If the symptoms of complicated grief don’t look any different than those of normal grief, how can we tell the two apart? Right now, advocates for its inclusion argue that the major clinical difference between the two has to do with the duration of these symptoms. In their view, complicated grief can be identified as early as six months after a loss. But research indicates that many people are still in the grips of their grief at this point: In the Slate study, a quarter said they felt normal only “one to two years” after the loss. A mere 30 percent of the respondents reported feeling “normal” or symptom-free again within six months after a major loss. Another large study conducted by George Bonanno and his colleagues at Columbia University found that many mourners reported a long grieving process, with symptoms waning anywhere from six months post-loss to 18 months post-loss.
So what are the downsides of treating grief as a disease? For one thing, more people will be prescribed antidepressants that can have adverse physical and psychological side effects, including increased risk of suicide and addiction and withdrawal problems. (To date, the research has consistently shown that grief counseling and medications do not alleviate grief; they seem most helpful in the cases of people who had pre-existing mental health issues.) It also means that more people will feel shame and embarrassment about not grieving “properly” or getting over their loss fast enough. And the very language of “symptoms” and “duration” seems only to further diminish the significant event that precipitated these feelings in the first place—the death of a beloved person who can’t be replaced.

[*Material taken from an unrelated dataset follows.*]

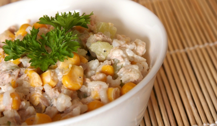 მოვხარშოთ ბრინჯი და გადავიტანოთ თასში. დავამატოთ სიმინდის კონსერვი. თევზს გადავუღვაროთ წვენი, დავძიძგნოთ და დავამატოთ სალათს.

The inclusion of the diagnosis would be less troubling if we lived in a culture that better understood the fact that grief takes time—and knew how to support it. People used to wear mourning clothes for a year or more, and many cultures have mourning rituals that cluster around the first anniversary of a death. But in the 20th century, Americans began to see the experience primarily as a private and a psychological one rather than a communal one, popularizing Elisabeth Kübler-Ross’ tidy “stage theory” of grief (which moves from “denial” to “acceptance”), and valorizing a “muscling-through-it” approach, to damaging effect.
The truth is that grief is a profound emotional process with very real biological symptoms that can endure for months. For many mourners, grief brings with it feelings of isolation, since a person who occupied a crucial role in your life is gone. It’s easy to see how turning grief into a disease could lead to further feelings of being out of step with those around you—a feeling that already haunts many mourners.
It would be a shame for this to happen. Grief is part of what it means to be human—one of our most significant rites of passage. The majority of mourners do not need medical treatment. They need love, compassion, patience, and a little bit of understanding from their friends, families and colleagues. The truth about grief is that it hurts. It can hurt for a long time—even for years.
That’s because grief is intricately bound up with love. As Thomas Lynch elegantly put it, “Grief is the price we pay for being close to one another. If we want to avoid our grief,” he said, “we simply avoid each other.”